== Data section ==
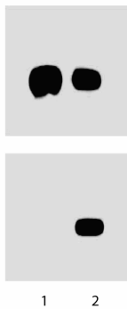
A431 cells were either left untreated (left lane) or treated (right lane) with 100 ng/ml EGF for 5 minutes at 37°C. The top panel was probed with Stat3 (Cat. No. 610189) and the bottom was probed with Stat3 (pS727) (Cat. No. 612543). Lane 1: 1:250, lane 2: 1:500 dilution of the mouse anti-Stat3 antibody.

The 49/p-Stat3 monoclonal antibody recognizes the S727-phosphorylated form of Stat3 (isoform 1). The fluorochrome-conjugated formats have been evaluated using a human model system. However, the unconjugated form of this antibody (Cat. no. 612542 or 612543) is also effective for western blot analysis of human, mouse, and rat tissue.
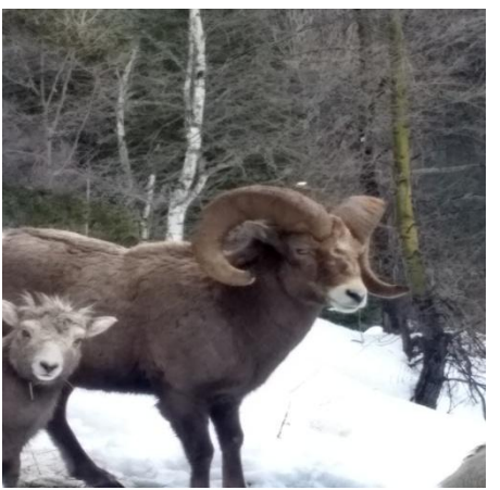
Jan 25/20
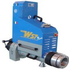
WS7 Plus from \varnothing 400 mm to \varnothing 1700 mm
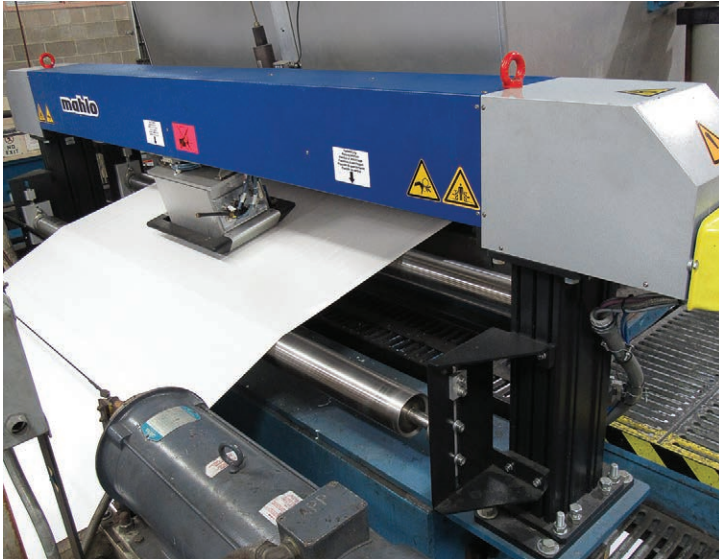
Mahlo Scanner on #18 with IMF-15 Infrared Sensor

more advanced solution and eliminate the added cost and regulations surrounding the use of radioactive materials.”
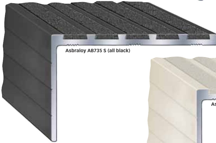
Asbraloy AB735 S (all black)

ILLUSTRATIONS SCALE FULL SIZE (approximate)
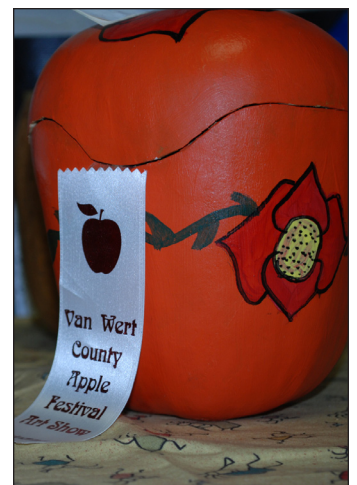
This year's projects were painted gourds.
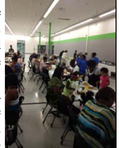
Large resident attendance at the BEEP Celebration
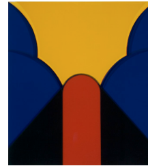
Erwin Erickson Green Mountain Sunrise (1971) Print (silkscreen) 30 in x 27 1/2 in
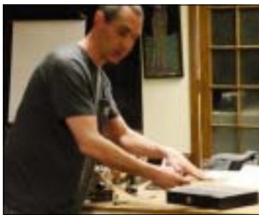
Polishing the back of the blade.

faces. Inspecting the parts after cleaning for damage before beginning he flattening and sharpening is next. He showed how to flatten the frog mounting areas, the cap iron, and the back of the plane iron on a large piece of granite. He stressed that areas must be flat to be square before sharpening can be effective. He went on to tell how to sharpen the plane iron with a major bevel and a micro bevel and why both are needed to plane effectively. He mentioned that a lot of complaints that planes do not work well can be traced back to not having a sharp iron. He reassembled the plane and spoke about flattening the plane sole and the importance of having the plane completely assembled before doing this. Brian said after flattening, the plane was about ready to use. Inspecting the sole and sides for sharp edges and filing those off should be done before using the plane. Brian answered questions about the differences in bevel-up and bevel-down planes and why some plane soles have ridges called corrugations. He
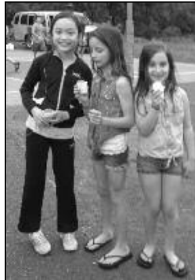
(above) Girls enjoy complimentary Ices.
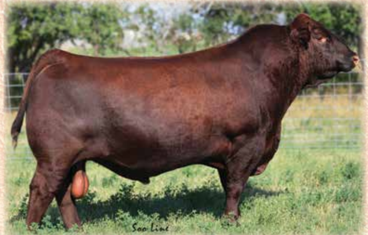
Red Cockburn Ribeye 308U - Full brother to Red Cockburn Ribeye 553X

159Z is a big volume, moderate birth weight bull we used on our heifers. He's got lots of performance and thickness for a calving ease sire. His dam is a complete cow with perfect feet and udder. Birth weight average on his sons is 74 lbs.
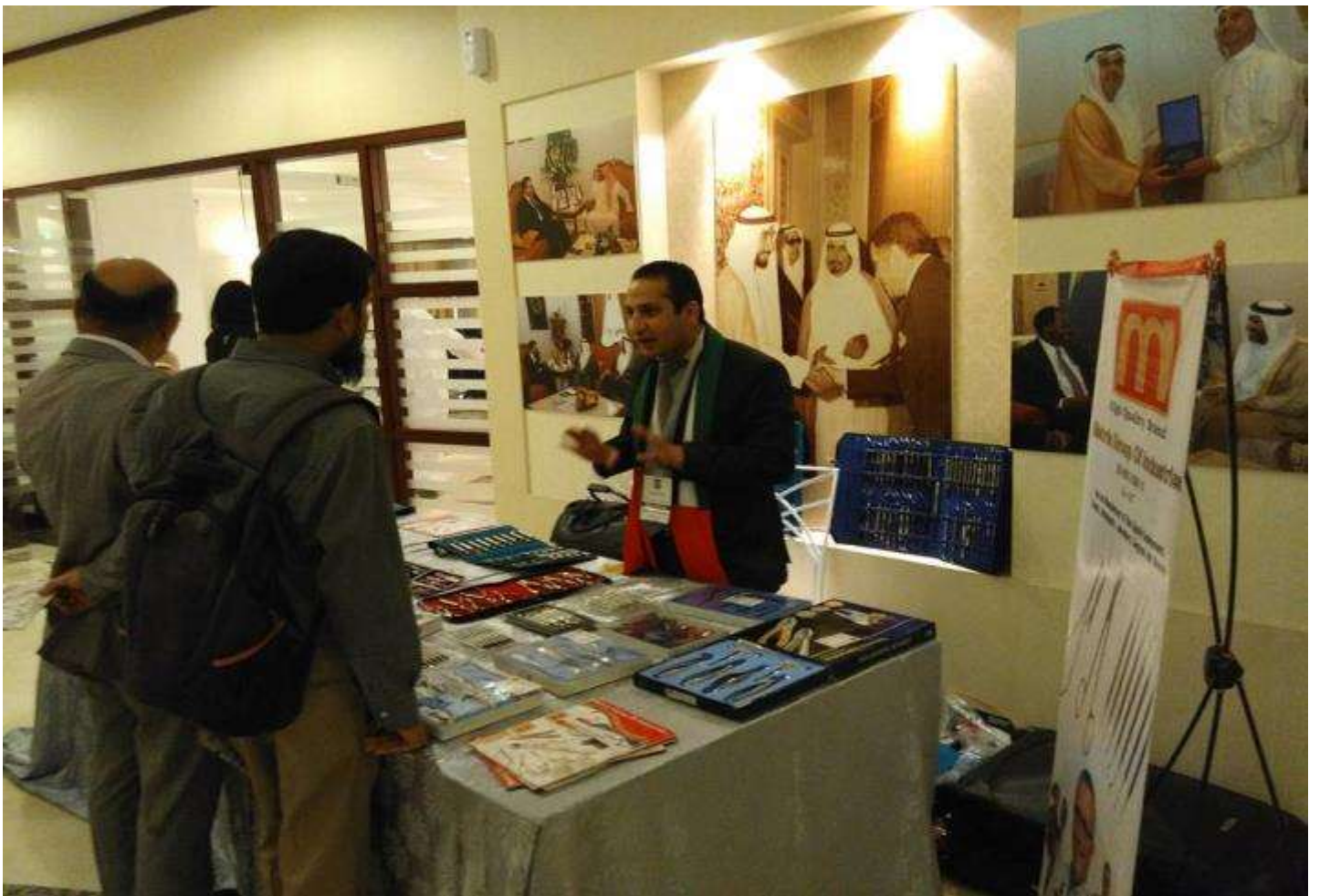
Stall In Abu Dhabi Chamber
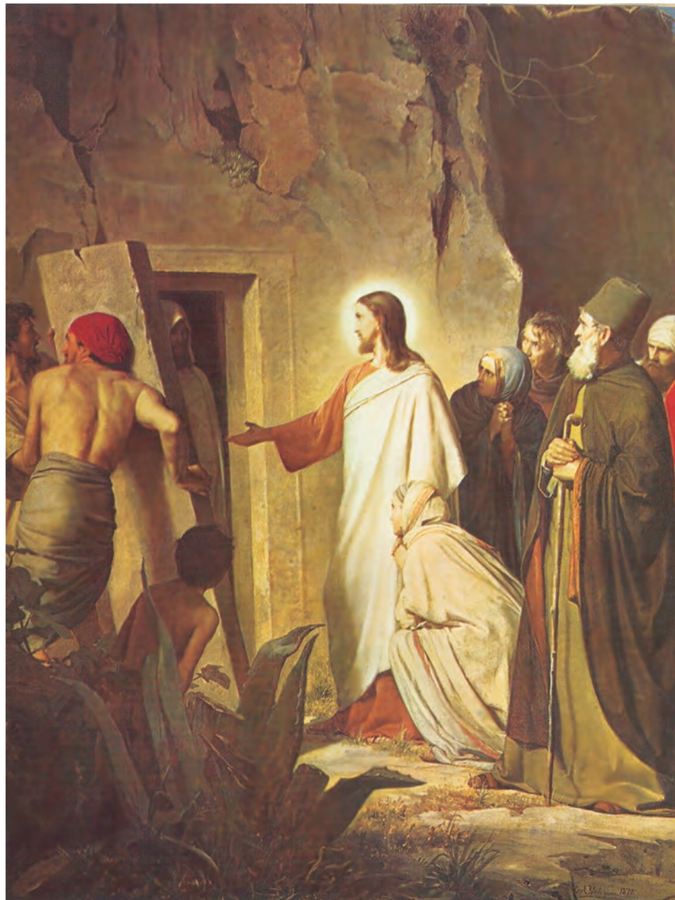
Take away the stone - Carl Heinrich Bloch

== Work to be completed ==
Start with the line above containing "Large resident attendance" and end with the line containing "Polishing the back of the blade.". Set down that stretch exactly, without any pictures.

== Response to the task ==
Large resident attendance at the BEEP Celebration
Erwin Erickson Green Mountain Sunrise (1971) Print (silkscreen) 30 in x 27 1/2 in
Polishing the back of the blade.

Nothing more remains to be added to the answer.